WHAT YOU NEED TO DO | Take the lines of the data below from the very first through the line containing "Круглые черно-белые клетчатые" and output them exactly, pictures excluded.

(Extracted records)

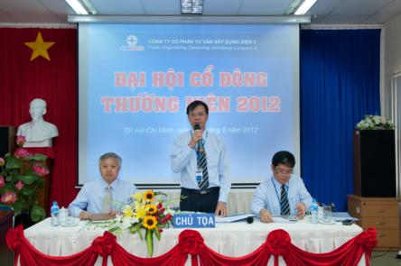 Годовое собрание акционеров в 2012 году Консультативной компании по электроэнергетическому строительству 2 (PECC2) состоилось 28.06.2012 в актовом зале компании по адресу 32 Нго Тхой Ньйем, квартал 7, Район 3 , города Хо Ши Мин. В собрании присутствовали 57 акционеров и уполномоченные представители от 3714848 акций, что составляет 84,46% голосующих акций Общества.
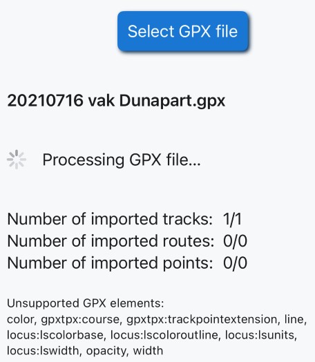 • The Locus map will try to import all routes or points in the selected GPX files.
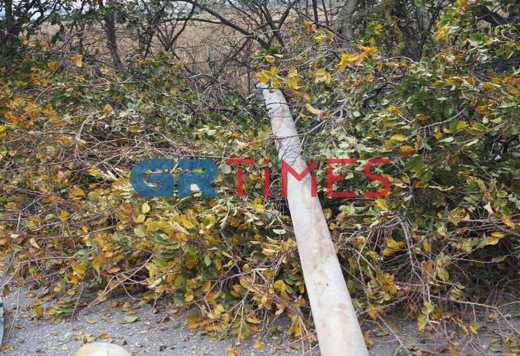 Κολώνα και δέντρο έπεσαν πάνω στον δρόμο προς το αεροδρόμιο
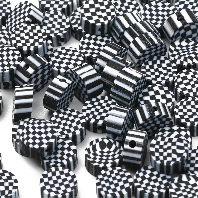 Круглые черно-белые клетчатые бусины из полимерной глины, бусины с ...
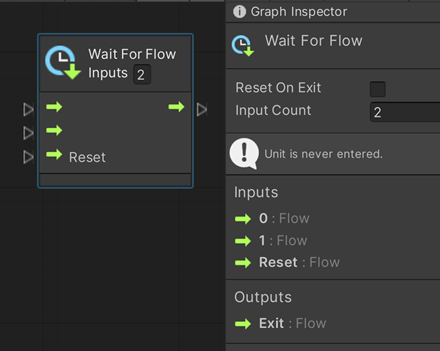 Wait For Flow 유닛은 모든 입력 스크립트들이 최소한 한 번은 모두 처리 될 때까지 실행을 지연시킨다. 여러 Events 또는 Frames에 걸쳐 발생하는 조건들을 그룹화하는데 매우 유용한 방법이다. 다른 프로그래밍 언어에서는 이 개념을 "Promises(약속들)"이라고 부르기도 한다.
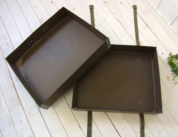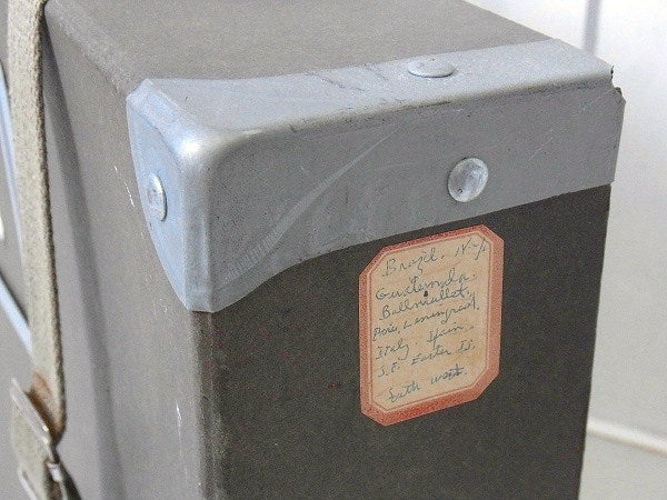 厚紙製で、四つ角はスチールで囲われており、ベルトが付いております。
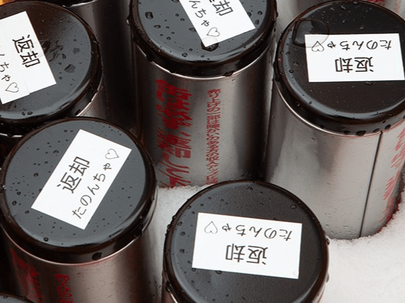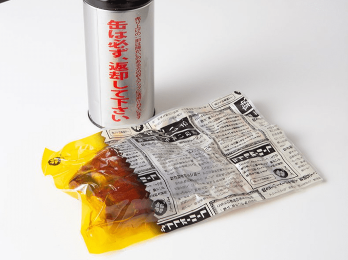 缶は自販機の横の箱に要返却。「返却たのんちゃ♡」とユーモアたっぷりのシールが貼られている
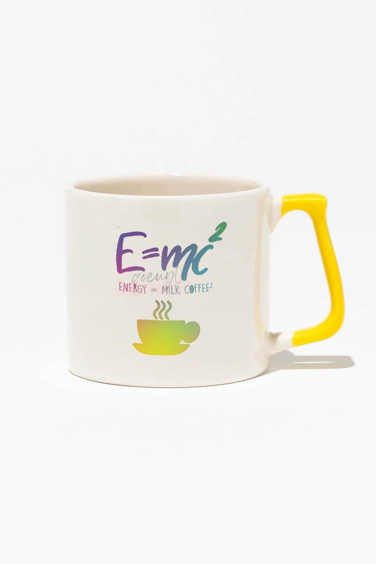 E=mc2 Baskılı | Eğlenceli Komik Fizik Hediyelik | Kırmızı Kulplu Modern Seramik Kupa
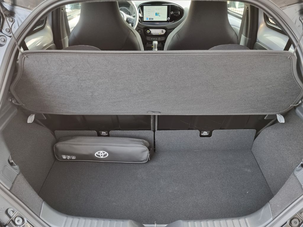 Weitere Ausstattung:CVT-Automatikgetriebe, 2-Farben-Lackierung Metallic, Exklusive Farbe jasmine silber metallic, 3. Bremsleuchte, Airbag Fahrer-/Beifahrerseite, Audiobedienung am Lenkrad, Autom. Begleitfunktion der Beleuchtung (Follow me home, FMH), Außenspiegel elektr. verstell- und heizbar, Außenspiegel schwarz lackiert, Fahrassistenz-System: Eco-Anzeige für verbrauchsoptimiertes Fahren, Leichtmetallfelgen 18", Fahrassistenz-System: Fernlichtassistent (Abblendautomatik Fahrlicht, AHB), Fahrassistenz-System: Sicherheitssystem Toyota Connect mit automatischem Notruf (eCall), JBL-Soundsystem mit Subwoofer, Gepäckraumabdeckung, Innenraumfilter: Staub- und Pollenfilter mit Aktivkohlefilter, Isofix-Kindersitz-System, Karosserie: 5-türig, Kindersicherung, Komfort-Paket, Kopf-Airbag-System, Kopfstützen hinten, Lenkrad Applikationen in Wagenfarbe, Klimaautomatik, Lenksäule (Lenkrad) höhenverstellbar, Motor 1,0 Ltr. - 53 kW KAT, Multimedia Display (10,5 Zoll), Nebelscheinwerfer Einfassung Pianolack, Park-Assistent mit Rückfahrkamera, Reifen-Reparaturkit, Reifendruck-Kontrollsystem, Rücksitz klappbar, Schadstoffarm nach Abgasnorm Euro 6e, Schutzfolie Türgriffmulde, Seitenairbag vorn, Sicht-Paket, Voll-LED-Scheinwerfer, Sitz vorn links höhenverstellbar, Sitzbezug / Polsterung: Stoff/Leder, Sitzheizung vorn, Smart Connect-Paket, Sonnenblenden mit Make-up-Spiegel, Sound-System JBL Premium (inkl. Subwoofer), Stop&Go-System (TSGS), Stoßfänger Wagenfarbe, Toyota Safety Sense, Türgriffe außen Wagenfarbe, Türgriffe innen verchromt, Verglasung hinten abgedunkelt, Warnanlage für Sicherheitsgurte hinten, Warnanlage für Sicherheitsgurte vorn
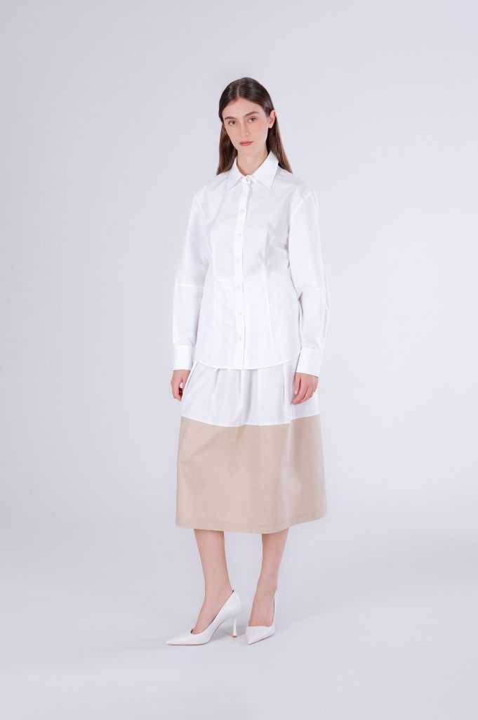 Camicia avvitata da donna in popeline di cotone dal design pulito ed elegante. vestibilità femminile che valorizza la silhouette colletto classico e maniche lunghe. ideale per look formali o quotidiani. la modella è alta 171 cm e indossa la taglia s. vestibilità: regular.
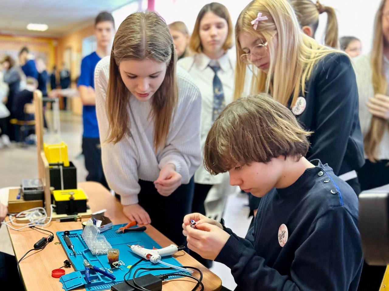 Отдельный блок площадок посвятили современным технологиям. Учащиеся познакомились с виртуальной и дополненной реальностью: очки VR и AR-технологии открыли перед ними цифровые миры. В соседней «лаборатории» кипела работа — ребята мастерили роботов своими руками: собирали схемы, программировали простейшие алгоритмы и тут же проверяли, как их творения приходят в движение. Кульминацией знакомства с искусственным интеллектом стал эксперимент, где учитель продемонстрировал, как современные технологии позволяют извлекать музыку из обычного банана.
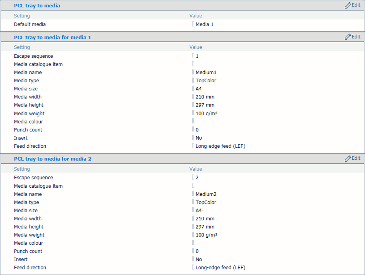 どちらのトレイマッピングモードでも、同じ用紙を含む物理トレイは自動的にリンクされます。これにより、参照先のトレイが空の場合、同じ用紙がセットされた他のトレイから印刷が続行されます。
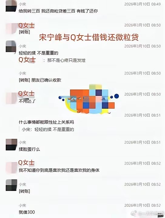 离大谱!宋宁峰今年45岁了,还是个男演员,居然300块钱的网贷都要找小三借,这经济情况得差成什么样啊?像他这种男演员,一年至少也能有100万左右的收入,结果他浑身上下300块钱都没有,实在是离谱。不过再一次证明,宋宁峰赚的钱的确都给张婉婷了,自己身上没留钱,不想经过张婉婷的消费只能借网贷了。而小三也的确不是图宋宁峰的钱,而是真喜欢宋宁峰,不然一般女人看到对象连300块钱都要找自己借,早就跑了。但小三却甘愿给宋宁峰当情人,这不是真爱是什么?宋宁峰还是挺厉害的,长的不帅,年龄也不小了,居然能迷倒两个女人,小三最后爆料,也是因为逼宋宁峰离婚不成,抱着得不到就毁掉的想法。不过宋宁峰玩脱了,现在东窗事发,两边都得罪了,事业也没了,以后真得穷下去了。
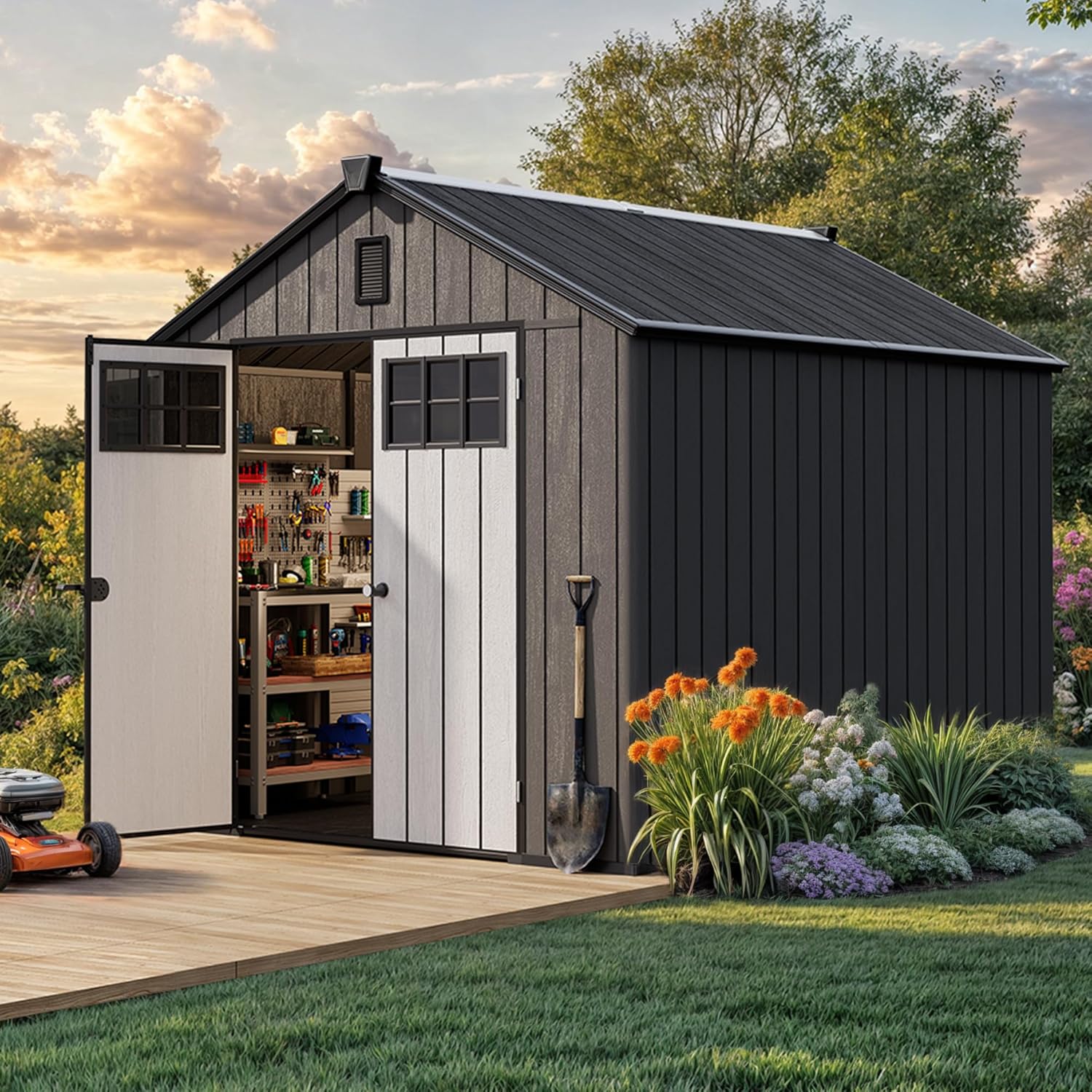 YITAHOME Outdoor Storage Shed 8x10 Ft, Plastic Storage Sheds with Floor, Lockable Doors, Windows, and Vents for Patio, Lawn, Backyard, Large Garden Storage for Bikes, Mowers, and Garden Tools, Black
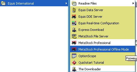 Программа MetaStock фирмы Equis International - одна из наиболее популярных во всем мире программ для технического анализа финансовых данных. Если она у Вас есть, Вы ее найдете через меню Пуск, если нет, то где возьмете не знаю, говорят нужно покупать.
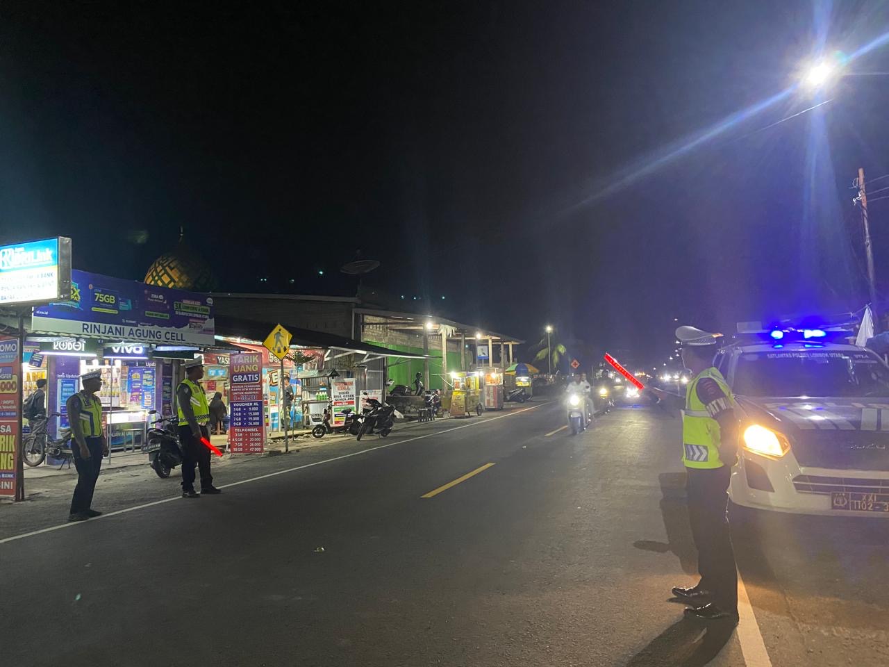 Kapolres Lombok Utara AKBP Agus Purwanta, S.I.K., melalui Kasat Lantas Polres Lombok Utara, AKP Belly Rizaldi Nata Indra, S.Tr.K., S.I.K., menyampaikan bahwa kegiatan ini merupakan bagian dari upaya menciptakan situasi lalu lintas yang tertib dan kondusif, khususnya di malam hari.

RESPONSE TO THE TASK |
 Годовое собрание акционеров в 2012 году Консультативной компании по электроэнергетическому строительству 2 (PECC2) состоилось 28.06.2012 в актовом зале компании по адресу 32 Нго Тхой Ньйем, квартал 7, Район 3 , города Хо Ши Мин. В собрании присутствовали 57 акционеров и уполномоченные представители от 3714848 акций, что составляет 84,46% голосующих акций Общества.
 • The Locus map will try to import all routes or points in the selected GPX files.
 Κολώνα και δέντρο έπεσαν πάνω στον δρόμο προς το αεροδρόμιο
 Круглые черно-белые клетчатые бусины из полимерной глины, бусины с ...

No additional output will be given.